Starts at 1:00 so get the a little earlier. It's more of a Presentaion and FOOD with heat set ups and running for Top Qualifier Bragging! Plaques for 2nd to 10th so if you think you made one of those then come have some fun, Eat and run a few rounds controlled.


----------



## ballou (Jan 16, 2006)

going to be there bright and early sunday morn


----------



## backdraft341 (Dec 19, 2005)

anyone know of a opening time sunday?


----------



## ddcarter3 (Jan 1, 2005)

Spoke with Dave C. He said he would be there around 10am Sunday to start at 1pm finish by 4pm.


----------



## backdraft341 (Dec 19, 2005)

I had a blast.Had fun racing with you lyn.THANKS TO RANDY FOR PUTTING THIS ON.PRO SERIES COMING UP THIS WEEKEND..........TRAVIS ZIPPS


----------



## Bigmax (Jul 21, 2004)

*Good Job Travis!*

You keep improving and I will be able to say I knew him when!!! Proud to race with you!

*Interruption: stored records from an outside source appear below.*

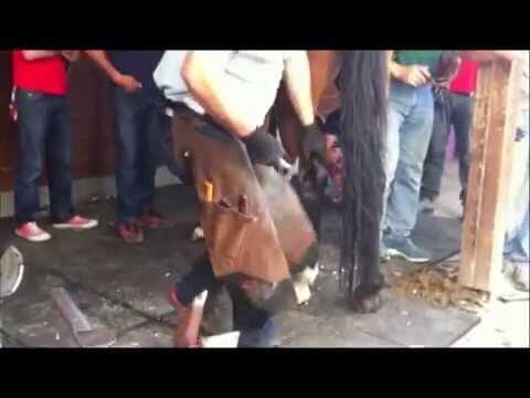 Intervento di Carlo Montagna al Corso / Convegno GRATUITO di Mascalcia organizzato da Cattafesta & C. e Il Portale del Cavallo – 5 Luglio, Trezzo sull’Adda. Il ferro utilizzato è un ferro di cavallo ammortizzante Footall
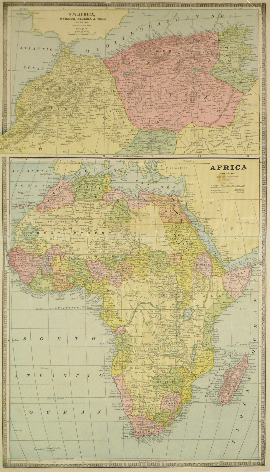 Bright engraved map of Africa and North Africa, 1890. Shows borders, tribes, rivers, mountains, and towns.
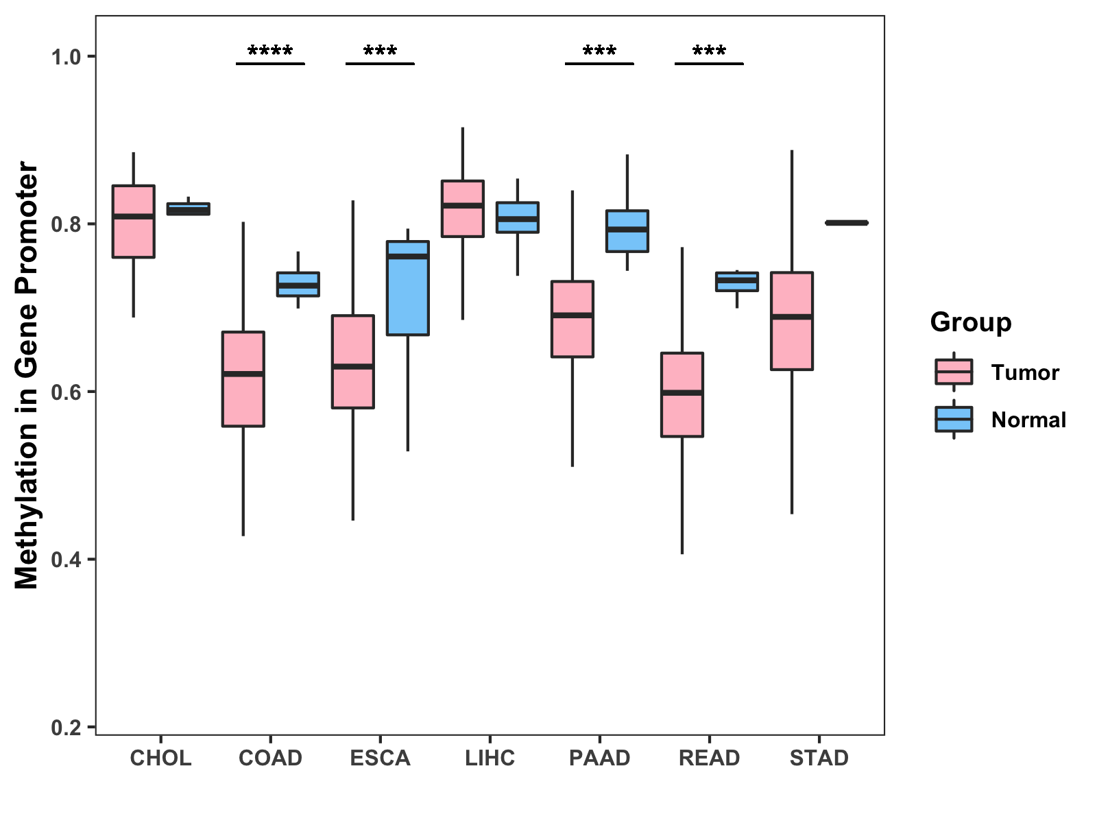 Boxplot of All Gastrointestinal Cancer ( * : 0.01-0.05 , ** : 0.005-0.01 , *** : 0.0001-0.005 , **** : < 0.0001 ) |

Thank you RANDY! K&M! WAYNE! DAVE! And ALL MY BUDS for making it FUN for ME!!!!!


----------



## ddcarter3 (Jan 1, 2005)

Same here.....I think my son will start coming back. At least some of the time.
Thanks again. Nice trophy girl too.


----------



## insaneracin2003 (Feb 22, 2006)

i wanted to say that is was nice to meet you Ron,i got to put a face with the Maniac Leeeever Puller,hope ya get the xxxnt runnin so we can get to race a lil bit.i will be runnin the pro series this weekensd at K&M so wish me luck in stock truck and mod truck.....should be very interesting........


----------



## backdraft341 (Dec 19, 2005)

good luck paul .i'll be there to cheer you on.might bring my little brothers stampede.(he's starting to catch up to me!).just wanted to thank lyn,paul and ray for pushing me to do better.U GUYS RULE!!!.....TRAVIS Z.


----------



## Dave c. (Jan 14, 2006)

Congrats to all the TRACK CHAMPIONS in each class.
A big Way to Go to......Travis....Novice class champ,
and youngest Team Ritch's Brew member.


----------